…Or, The Romance of the Chartered Yacht

How enticing it all seems when you’re first reading the brochure welcoming you to the beautiful catamaran “Cat Poo II” and its charming crew, Rodney and Fiona.  He’s a former Navy man who used to run a small destroyer and whose interests vary from deep-sea diving to hot-air ballooning. She’s a former OR nurse with degrees in early-child education and culinary arts.  In her spare time, she paints.  They both run marathons and between them they speak six languages.  “Oh, they seem perfect!” you think and hurriedly sign over the $20,000 to procure their services, and their splendid yacht, for a week.
    
Imagine your surprise, then, upon arriving at your chosen rendezvous, only to find that Rodney and Fiona are no longer running CPII; instead you have Bruno and Agnes.  He’s a former shepherd from Patagonia and she was a stay-at-home-mom until she lost the kids as a result of the rehab thing.  They both have their STCW 95 of course and he can sail a bit but she gets awfully seasick when the swell gets up.


    
Off you go on your swing around Nature’s Little Secrets, somewhat alarmed as your captain drives the boat with his brand-new Guide to the Various Virgins propped by the wheel, right next to his can of Red Stripe.  Agnes can be heard shrieking in the galley, which she calls the kitchen.  Things go well, though, since the food is edible and the drinks potent.  In fact, the trip slowly devolves into a series of riotous bacchanals interspersed with ferocious hangovers.  The small annoyances, such as being dragged from your bunk at 3am to guide Bruno as he resets a wandering anchor or being ordered into the dinghy to push the boat off that reef that’s not supposed to be there will, upon reflection, seem charming adventures.

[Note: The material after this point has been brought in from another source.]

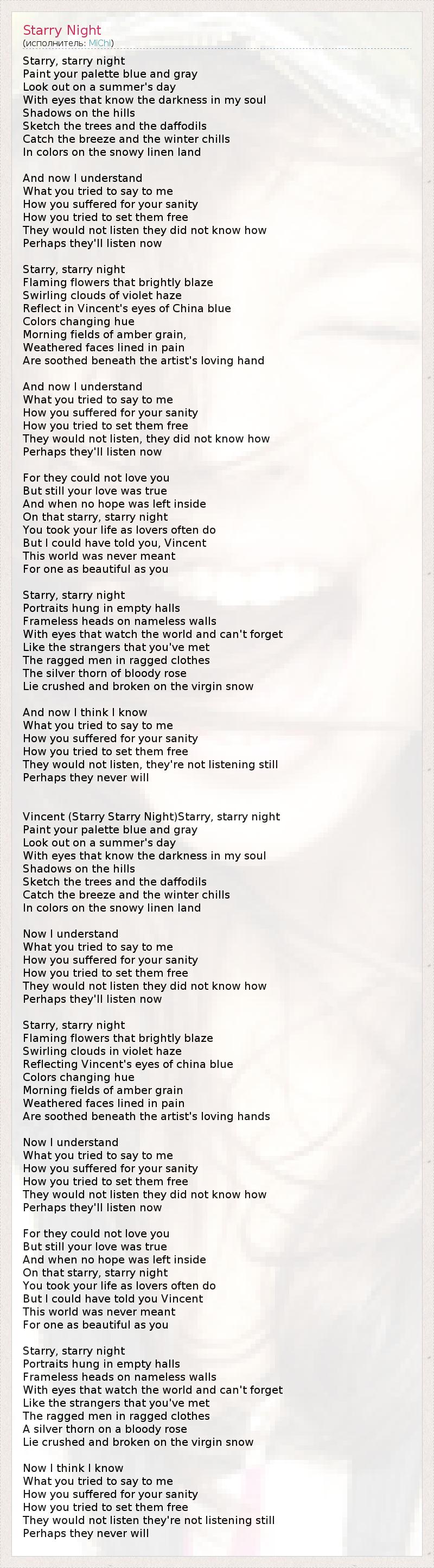 Starry, starry night Paint your palette blue and gray Look out on a summer's day With eyes that know the darkness in my soul Shadows on the hills Sketch the trees and the daffodils Catch the breeze and the winter chills In colors on the snowy linen land And now I understand What you tried to say to me How you suffered for your sanity How you tried to set them free They would not listen they did not know how Perhaps they'll listen now Starry, starry night Flaming flowers that brightly blaze Swirling clouds of violet haze Reflect in Vincent's eyes of China blue Colors changing hue Morning fields of amber grain, Weathered faces lined in pain Are soothed beneath the artist's loving hand And now I understand What you tried to say to me How you suffered for your sanity How you tried to set them free They would not listen, they did not know how Perhaps they'll listen now For they could not love you But still your love was true And when no hope was left inside On that starry, starry night You took your life as lovers often do But I could have told you, Vincent This world was never meant For one as beautiful as you Starry, starry night Portraits hung in empty halls Frameless heads on nameless walls With eyes that watch the world and can't forget Like the strangers that you've met The ragged men in ragged clothes The silver thorn of bloody rose Lie crushed and broken on the virgin snow And now I think I know What you tried to say to me How you suffered for your sanity How you tried to set them free They would not listen, they're not listening still Perhaps they never will Vincent (Starry Starry Night)Starry, starry night Paint your palette blue and gray Look out on a summer's day With eyes that know the darkness in my soul Shadows on the hills Sketch the trees and the daffodils Catch the breeze and the winter chills In colors on the snowy linen land Now I understand What you tried to say to me How you suffered for your sanity How you tried to set them free They would not listen they did not know how Perhaps they'll listen now Starry, starry night Flaming flowers that brightly blaze Swirling clouds in violet haze Reflecting Vincent's eyes of china blue Colors changing hue Morning fields of amber grain Weathered faces lined in pain Are soothed beneath the artist's loving hands Now I understand What you tried to say to me How you suffered for your sanity How you tried to set them free They would not listen they did not know how Perhaps they'll listen now For they could not love you But still your love was true And when no hope was left inside On that starry, starry night You took your life as lovers often do But I could have told you Vincent This world was never meant For one as beautiful as you Starry, starry night Portraits hung in empty halls Frameless heads on nameless walls With eyes that watch the world and can't forget Like the strangers that you've met The ragged men in ragged clothes A silver thorn on a bloody rose Lie crushed and broken on the virgin snow Now I think I know What you tried to say to me How you suffered for your sanity How you tried to set them free They would not listen they're not listening still Perhaps they never will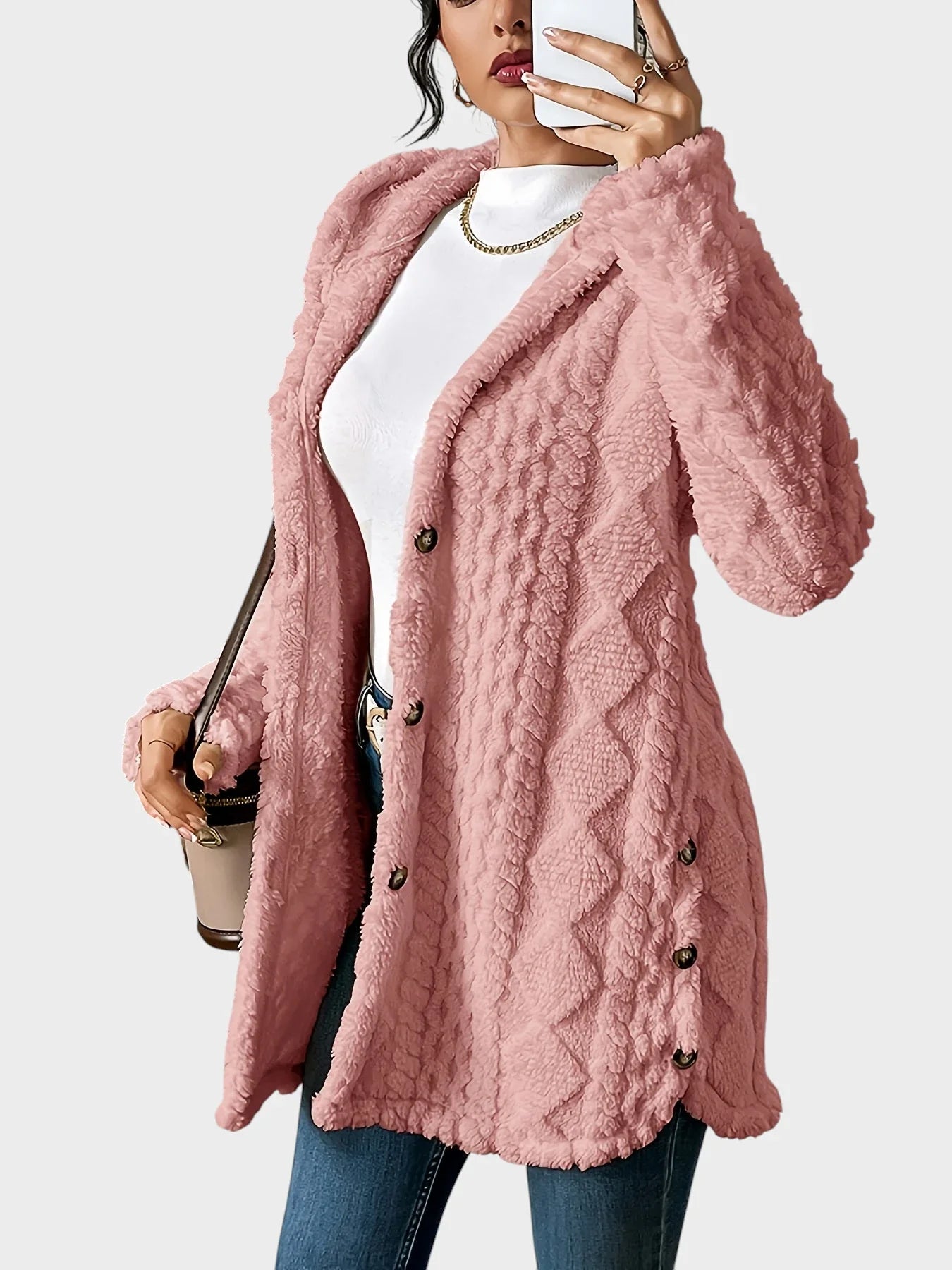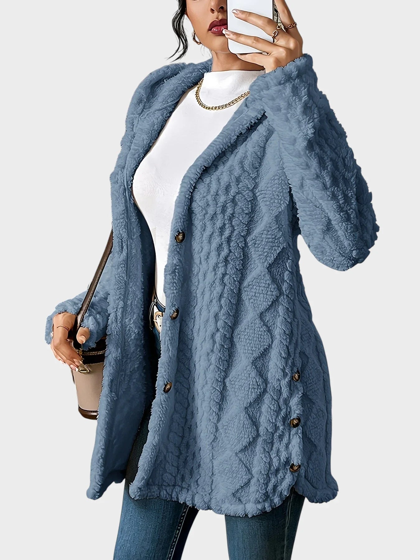 Vesna - Plišast kardigan s kapuco

Not so the time when a naked Bruno staggered into your cabin waving a butcher’s knife and a giant cucumber, bleeding from a series of small cuts.  “What happens on the boat stays on the boat, right?”  Agnes tearfully beseeches you.  As you leave, you press a few soggy $20 bills into her hand, insisting everything was “fantastic, really fantastic.  No, really it was.”  You leap into the taxi, the better to escape Bruno’s scathing and obscene response that begins, “You ******* ungrateful bastards,” before soaring into the realms of the operatic, if not psychotic.
    
On the other hand, there you are, Fiona and Rodney.  You’ve spent every waking moment squeegeeing and polishing your beloved Cat Poo into a sort of floating jewel.  You’ve provisioned the galley with hard-to-find parts of semi-endangered species and the drinks cabinet is resplendent with one-of-a-kind rums and juices hand-pressed in the wee small hours. Anxiously you await your new guests, the Grumpletons, all eight of them (plus the nanny).  They’ve sent a preference sheet and a list of required items but you are hardly prepared for the demanding, fastidious gourmands who eventually arrive.  Nothing is good enough for them.  Your finest sauces are scraped from the fish.  Every attempt to take them to a preferred snorkelling spot is greeted with a sneer and a quick discussion in one of the languages they’ve decided you don’t speak.  At night you run from glass to glass, pouring away your beloved 50-year-old port and that fabulous organic Armagnac you so assiduously pursued.


    
Day after day—and this is a two-week charter—you run after the charming guests with a smile, frozen into a kind of rigor mortis, threatening to crack your newly whitened teeth.  The boat reeks of cigars even though you’ve told them you don’t allow smoking.  The kids demand that you drag them around behind the tender all day long. You worry about your fuel supply.  All along, though, you remind yourself that the tip will make it all worthwhile.
    
As they leave, they press a few soggy $20 bills into your hand and tears begin to pop from your eyes.  “Yes, it was lovely,” you insist, secretly cursing yourself for not leaping into their cabin with the butcher’s knife and the cucumber as you’d been so tempted to do.  At least they signed your guestbook! And they said such nice things, too.
    
So there you have it, the romance of the crewed yacht life.  Oh of course there are fabulous guests who invite crew to their Aspen getaways and insist on treating them to the Dove on the final night before pressing $5,000 into the captain’s ready palm, sobbing that they’ll “never, never forget this amazing time” as long as they live.  You can bet the crew will remember too, in the long, long weeks ahead.